- **Exercise goal**
Some entries follow. Reproduce exactly the lines starting at the one with "МФЦ в Петербурге" and stopping after the one with "Obraz premium A".

- **Source records**
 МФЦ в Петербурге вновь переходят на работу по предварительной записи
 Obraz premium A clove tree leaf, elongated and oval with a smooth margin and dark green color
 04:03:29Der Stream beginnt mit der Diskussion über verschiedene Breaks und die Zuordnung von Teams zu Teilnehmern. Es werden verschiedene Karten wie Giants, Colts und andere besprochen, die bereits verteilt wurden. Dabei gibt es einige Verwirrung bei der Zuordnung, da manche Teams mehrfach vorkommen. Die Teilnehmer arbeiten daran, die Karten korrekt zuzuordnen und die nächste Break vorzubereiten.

==

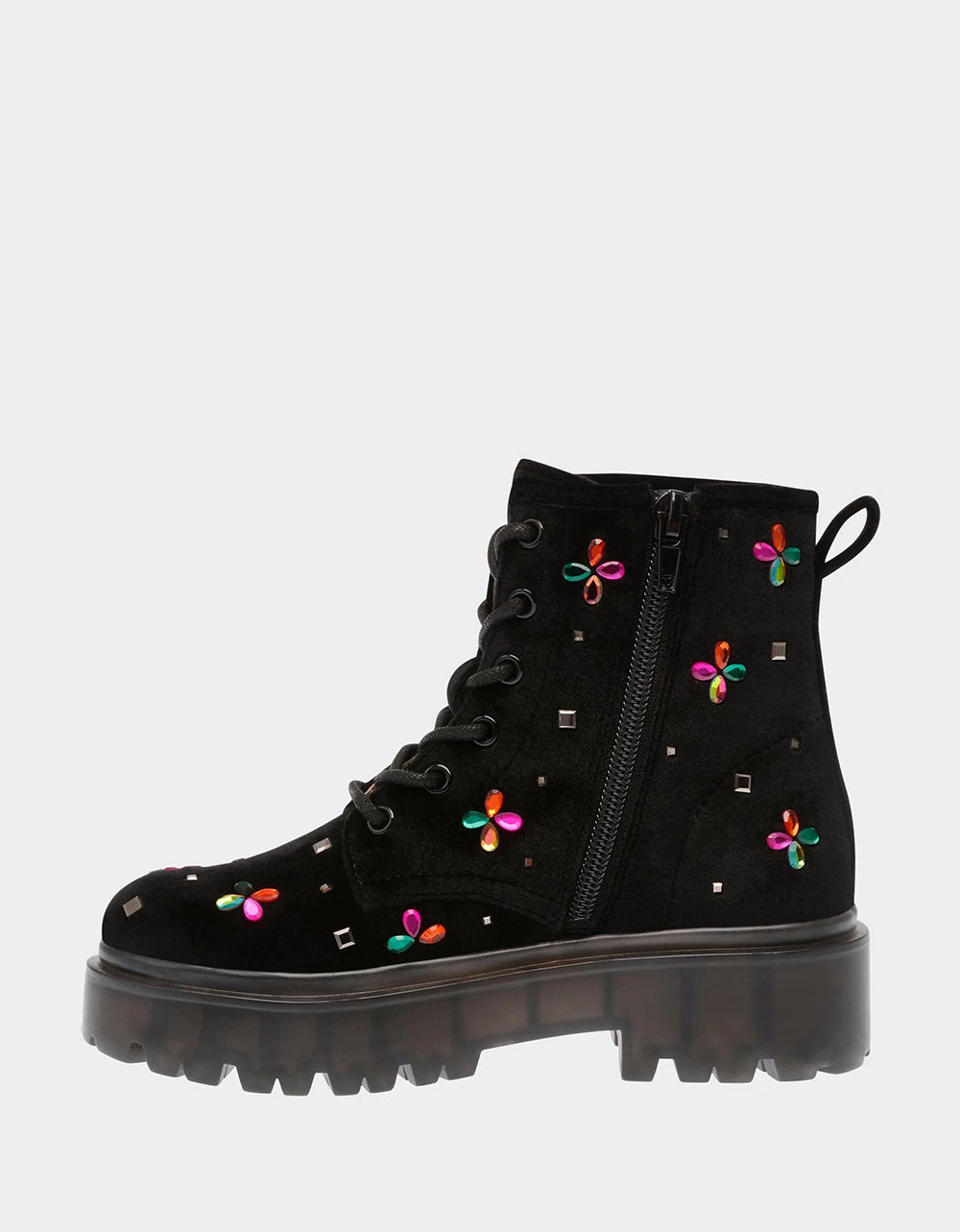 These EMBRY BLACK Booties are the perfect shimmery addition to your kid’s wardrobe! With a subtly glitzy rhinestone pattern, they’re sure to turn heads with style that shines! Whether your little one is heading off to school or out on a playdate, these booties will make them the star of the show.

- **Output for this task**
 МФЦ в Петербурге вновь переходят на работу по предварительной записи
 Obraz premium A clove tree leaf, elongated and oval with a smooth margin and dark green color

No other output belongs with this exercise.